The chapter that I have just finished working on is about the importance of balance between the body, mind, heart and spirit. In my experience there are few things more frighteningly dull than a person who has focused on one aspect of him/herself and and developed it to the exclusion of all else. There is something wrong with a person like that, we can feel it straight away. Although most of us are not in this category, many of us have areas where we favour, where our natural strengths lie – and other areas where we find things a tad more challenging, which might be a little neglected.
In my own life, I am naturally a person who gravitates toward the mind and the spirit. I love education, learning and intellectual pursuits, and have always been fascinated with spirituality and all things esoteric. For example, I decided at the age of 8 that this would be my last life here, thank you very much, and that in order to make that happen I was just going to have to reach enlightenment before I die. No problemo. I have always been a good student with an analytical and questioning mind. I preferred reading to a party any day (in fact, I still do). It wasn’t until I was in my mid-20s that I realised that I was neglecting my body and heart in favour of my spirit and mind, and that something needed to be done. As I have grown up, there have been certain keys which have unlocked doors that were inaccessible to me. Yoga was the first key – it connected me with my body while satisfying my need for spirit. Motherhood, deep friendships and a long term relationship spanning decades were (and are) very important for opening my heart, as is working with children. Here, I can combine my love of education with the heart enrichment that young children bring. It may be that the best way to convert a weakness into a strength is to combine the two.
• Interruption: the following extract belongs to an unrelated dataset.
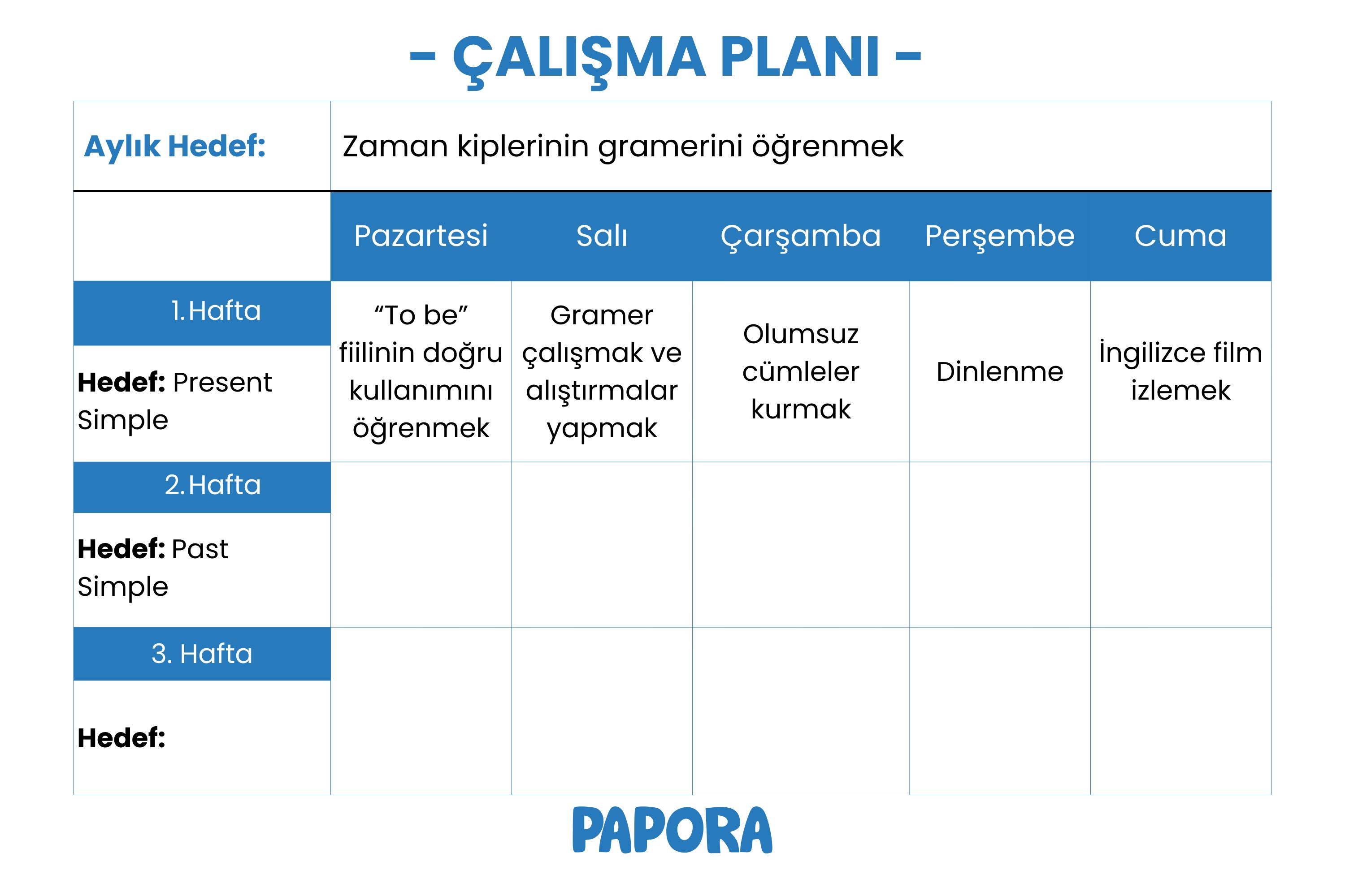 📌 Örneğin, 1. hafta için to be fiilinin olumsuz hali, harfler ve sayılar üzerinde çalışmaya odaklanabilirsiniz ve 2. hafta için selamlaşma gramerini öğrenmeye odaklanabilirsiniz.

We have been taught in our culture that our mind is uppermost – thus, Descarte’s philosophy: I think, therefore I am, and a mechanistic approach to things that are not machines, like nature, our bodies, our emotions and relationships. We tell ourselves that our mind is what separates us from the animals and it is our intelligence which makes us special, which may even be true. However, there are some problems with a mind-centred philosophy. A mind that is un-anchored in the body, disconnected from the heart and severed from spirit is a frightening thing. We call people like that psychopaths. There is more to life than reason or rationale, and not everything can be detected with the five senses or understood with the information that we have. The mind does not comprehend mystery, which is a limitation, especially on the spiritual path.
The same pathology can be seen in any kind of extreme imbalance. Think about a person whose heart is disconnected to their mind – they have a frightening lack of discernment, and will often find themselves in dangerous relationships or situations, repeating the same mistake over and over again. Or what about someone who is completely body-focused? They are vain, shallow and dull, constantly on diets, strict health regimes and obsessed with youth and how they look. And then there are the people who are consumed with the spiritual life. They are un-grounded, disconnected to their earthly experience and unable to participate in life.
In the way of the Practical Mystic, we bring all the parts of ourselves together, honouring each part and loving what each of them brings to us. No one part is more important than any other, although there are situations where one will be more useful than another. Each of us will have an area that we are naturally strong in, which is perfectly natural. It is good to be aware of your strengths, just as it is good to be aware of the areas that need more attention.
Which aspect of yourself is the strongest, and which tends to be a little neglected?